» Provided data:
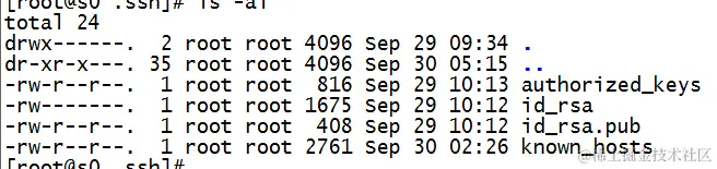 4、输入命令ssh-keygen -t rsa -P '' -f ~/.ssh/id_rsa,它会在你的/home/xxx(当前登陆的用户文件夹)创建一个隐藏的文件夹./ssh,使用命令ls -al查看,产生的文件目录如下:
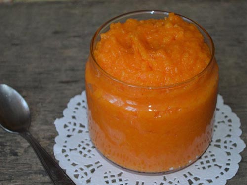 - Al día siguiente, la mezcla de calabaza y naranja se vierte con agua y se hierve durante unos 30 minutos después de hervir. La mezcla debe agitarse constantemente.
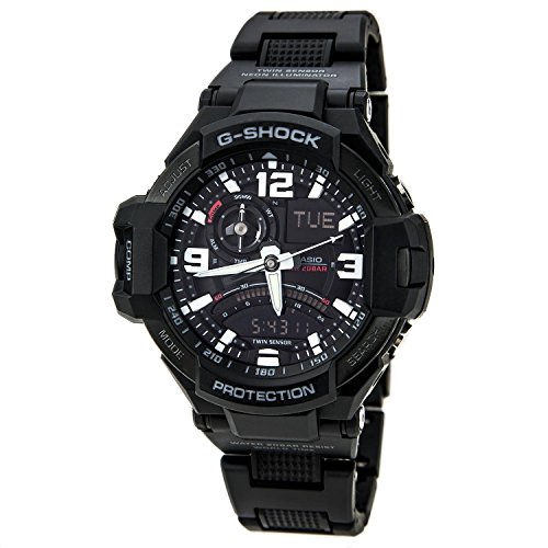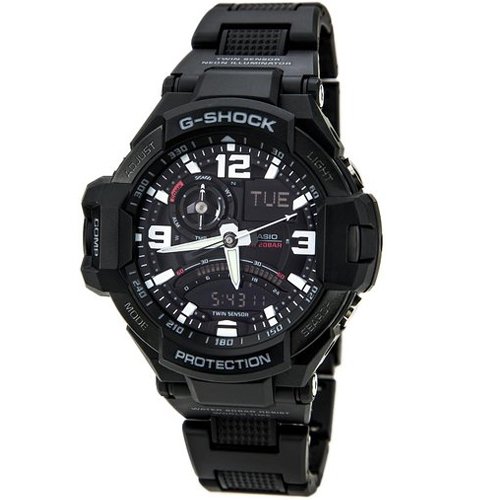 GA1000 is the first in the G-Aviation lineup to be equipped with Twin Sensor capabilities, creating a watch that is perfectly matched to the needs of the modern aviator, both in terms of function and appearance. Pressing the button at the 9 o'clock position in any mode immediately goes to the Digital Compass Mode with bearing memory. Other features include temperature measurement, large numerals, and thick hands for easy reading. A coating on the tip of the second hand and minute markers reacts with the black light illumination of the watch for easy reading in the dark. Black fine resin composite band ana-digi with black/white face.

» Task item: When a line carries an image, skip the image and repeat everything else above exactly as written.

» Result of this exercise:
 4、输入命令ssh-keygen -t rsa -P '' -f ~/.ssh/id_rsa,它会在你的/home/xxx(当前登陆的用户文件夹)创建一个隐藏的文件夹./ssh,使用命令ls -al查看,产生的文件目录如下:
 - Al día siguiente, la mezcla de calabaza y naranja se vierte con agua y se hierve durante unos 30 minutos después de hervir. La mezcla debe agitarse constantemente.
 GA1000 is the first in the G-Aviation lineup to be equipped with Twin Sensor capabilities, creating a watch that is perfectly matched to the needs of the modern aviator, both in terms of function and appearance. Pressing the button at the 9 o'clock position in any mode immediately goes to the Digital Compass Mode with bearing memory. Other features include temperature measurement, large numerals, and thick hands for easy reading. A coating on the tip of the second hand and minute markers reacts with the black light illumination of the watch for easy reading in the dark. Black fine resin composite band ana-digi with black/white face.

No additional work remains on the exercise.